TORONTO - Many Ontario patients aren't discharged from hospital on time and are still facing overcrowding and delays in emergency departments despite extra government cash, the province's financial watchdog said Monday.

More than 50,000 patients stayed in hospital longer than necessary last year because their ongoing care couldn't be arranged, auditor general Jim McCarter said in his annual report.

Those patients end up occupying much-needed beds that could help alleviate the long waits in hospital emergency departments, he said.

Most people have the wrong idea about why there's so much overcrowding and delays in ERs, the auditor said.

"A lot of people think it's because you've got a lot of people coming into emerg with minor ailments," McCarter said.

"What we actually found was that it was more a problem with the lack of in-patient beds."

About one in five patients require support when they leave the hospital, from home care to rehabilitation to nursing-home care, he said. That number is expected to climb dramatically as the population ages.

Currently, about half the patients who need home care have to wait in hospital an average of six extra days, while 90 per cent of those who need long-term care waited more than four months, the report found.

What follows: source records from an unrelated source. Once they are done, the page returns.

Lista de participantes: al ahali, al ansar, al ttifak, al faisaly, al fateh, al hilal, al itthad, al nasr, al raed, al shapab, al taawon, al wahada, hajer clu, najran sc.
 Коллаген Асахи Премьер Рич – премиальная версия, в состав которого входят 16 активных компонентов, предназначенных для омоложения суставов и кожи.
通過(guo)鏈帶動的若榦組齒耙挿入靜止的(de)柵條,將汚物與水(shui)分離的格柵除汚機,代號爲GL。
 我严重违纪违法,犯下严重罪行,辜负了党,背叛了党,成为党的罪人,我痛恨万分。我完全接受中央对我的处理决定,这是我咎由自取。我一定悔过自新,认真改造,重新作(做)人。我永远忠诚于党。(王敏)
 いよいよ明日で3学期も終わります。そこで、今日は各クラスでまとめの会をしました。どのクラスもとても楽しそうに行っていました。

Meanwhile, emergency patients who needed a bed waited an average of 10 hours, while others waited 26 hours or more.

Often there were beds available, but they sat empty because they hadn't been identified or cleaned, the report found.

In one case, a cancer patient waited three days in an emergency department for a hospital bed. It was later discovered that the hospital had been holding 24 patients in the ER, even though there were 18 empty beds available.

About two-thirds of the hospitals McCarter surveyed didn't have the capacity or infrastructure to measure how long empty beds were unoccupied.

Work is already underway to unclog the province's ERs, said Health Minister Deb Matthews.

"It's right up there at the top of our priority list -- getting the emergency department wait times down and moving people who are in hospital beds who ought not be in hospital beds into an appropriate level of care in their community," she said.

McCarter acknowledged that there's been some improvement in wait times. But many ERs still aren't meeting provincial targets despite $200 million in extra funding over two years, he found.

He noted that patients with serious conditions sometimes had to wait 12 hours or more, exceeding the province's eight-hour target.

Some people also waited for more than an hour to be triaged, far longer than the recommended 10 to 15 minutes.

Hospitals were also spending extra money -- and risking staff burnout -- by having nurses work overtime, particularly during the nights, holidays and on weekends.

McCarter found that one nurse's overtime accounted for more than half her salary for nine years. The nurse took in $157,000 last year, $90,000 of which was overtime pay.

The level of home care services also varied widely across the province, with some patients waiting up to 15 months to be assessed, he found. About 10,000 people are still waiting for home-care services.

The auditor's findings show that Ontario's 14 local health integration units -- created by the Liberals to make local decisions and dole out public cash -- are a waste of money and should be shut down, said Opposition Leader Tim Hudak.

"Despite sinking hundreds of millions of dollars into the LHINs and the (aging at home) strategy, 50,000 people are sitting in hospitals across this province who shouldn't be there, who should be in a long-term care home or at home with family," said the Tory leader.

"(Premier) Dalton McGuinty has taken all of the money and basically flushed it down the drain."